【サスティナブルにっぽん~山梨県】ジビエを味わい森林を救おう 鈴木春花

人気メニューの「山梨県産ジビエ色々盛り合わせプレート」
人気メニューの「山梨県産ジビエ色々盛り合わせプレート」【拡大】

  • 鹿もも肉のステーキ=Urban's camp提供
  • 「Urban’scamp」オーナーの尾又慶寛さん
  • 筆者も「山梨県産ジビエ色々盛り合わせプレート」に挑戦!
  • 店では鹿の皮を使ったバッグなども販売
  • 鈴木春花

 野生の風味を楽しむ食材として近年注目を集めているのが、狩猟で捕獲した野生鳥獣の食肉、ジビエだ。秋から冬が旬ということで、富士山のふもとへジビエを食しに出掛けた。

 訪れたのは、山梨県富士吉田市に昨年夏にオープンした「Urban's camp(アーバンズ・キャンプ)」。町でキャンプ気分とジビエを味わえるオーガニックカフェ&レストランだ。富士山レンジャーとして国立公園のパトロールに当たっていたオーナーの尾又慶寛さんが、資源の活用と森林環境の保全に繋げようと、2015年に法人を立ち上げ、甲府にジビエ専門のワインバルをオープン。昨年、富士山の麓に移転した。

 山梨のジビエといえば、一般的な食肉より脂肪が少なく、赤身の旨みを楽しめるヘルシーな食材として注目されている鹿の肉だ。四方を山に囲まれた森林県でニホンジカが多く生息しており、森林開発や環境の変化などで、10年以上前から鹿の食害が深刻化。鹿を計画的に捕獲し、利用しようという動きが盛んになるにつれて、鹿肉を使ったカレー料理を提供する店が、県内の割と広い地域に存在するようになった。

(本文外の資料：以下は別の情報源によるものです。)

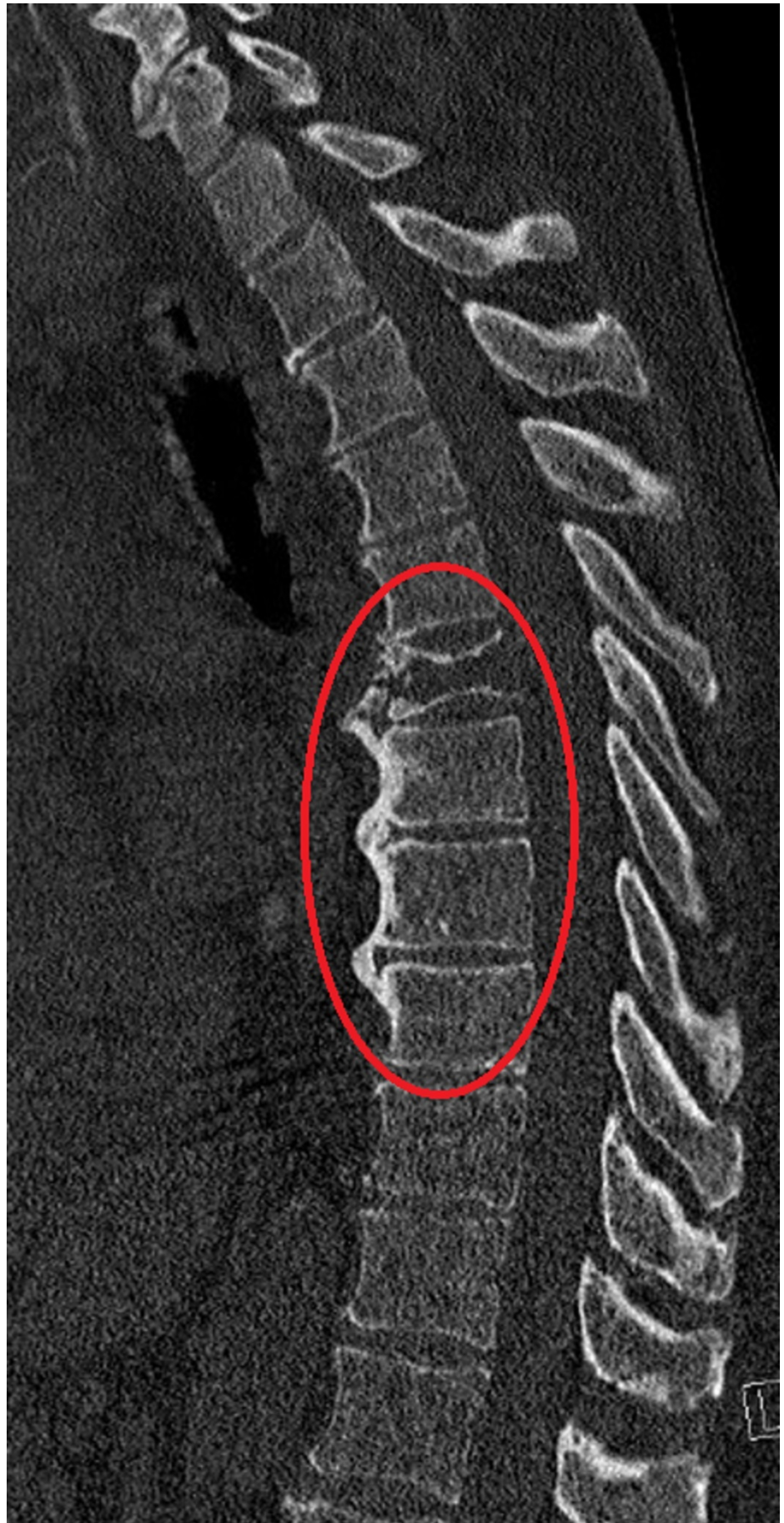
FIGURE 1: Computed tomography scan without contrast of
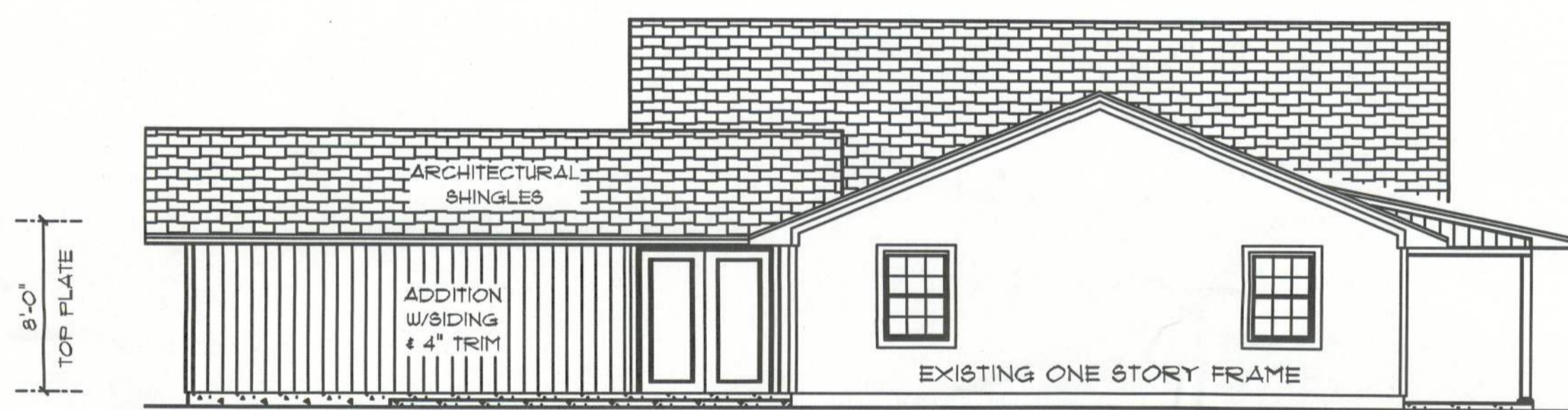
• PROPOSED LEFT ELEVATION •

 カレー料理はジビエ独特の臭みを分からなくするために煮込んでいる、という印象もあるが、今回筆者が出会ったジビエは、これまでのイメージを覆すものだった。人気メニューで海外からの観光客にも好評な「山梨県産ジビエ色々盛り合わせプレート」には「煮込んでいない鹿肉」がたっぷり。鹿肉と猪肉を合わせた生ハム、白ワインで煮込みラードで固めたリエットなど味も食感も様々で「独特の臭み」ではなく、「深いうまみ」を堪能できた。盛り合わせプレートの他にも、ステーキやパスタなどジビエを使ったメニューが豊富だ。

 富士山麓で採れた鹿肉を主に仕入れているそうなのだが、これがうまさの秘密でもある。色んなジビエを食べ比べている尾又さんによると、もともと、山に囲まれた山梨で生息するシカは足腰が鍛えられていて脂肪が少なく、おいしいらしい。

 さらに、県が昨年度から始めた「やまなしジビエ認証制度」も一役買っている。これは、厳しい衛生管理・処理を行っている鹿食肉加工施設を「やまなしジビエ施設」と認証するもので、「Urban's camp」は富士河口湖町と北杜市明野町のやまなしジビエ施設から肉を仕入れているのである。野生鹿の捕獲方法から鮮度を保った処理方法など厳しく管理されているため、味のいいジビエを確保できるそうだ。

 私たちがおいしくジビエを食べることが、森林環境の保全に繋がっていく、と理解すると、山梨ジビエの味わいも一層深くなる。

【サスティナブルとは】

1992年の第1回地球環境サミットで初めて提唱された「持続可能な発展」という考え方。以後、国や産業の発展には自然環境への配慮が不可欠であることが世界的に広く浸透している。本コラムでは、サスティナブルな社会を目指す日本各地の取り組みを紹介する。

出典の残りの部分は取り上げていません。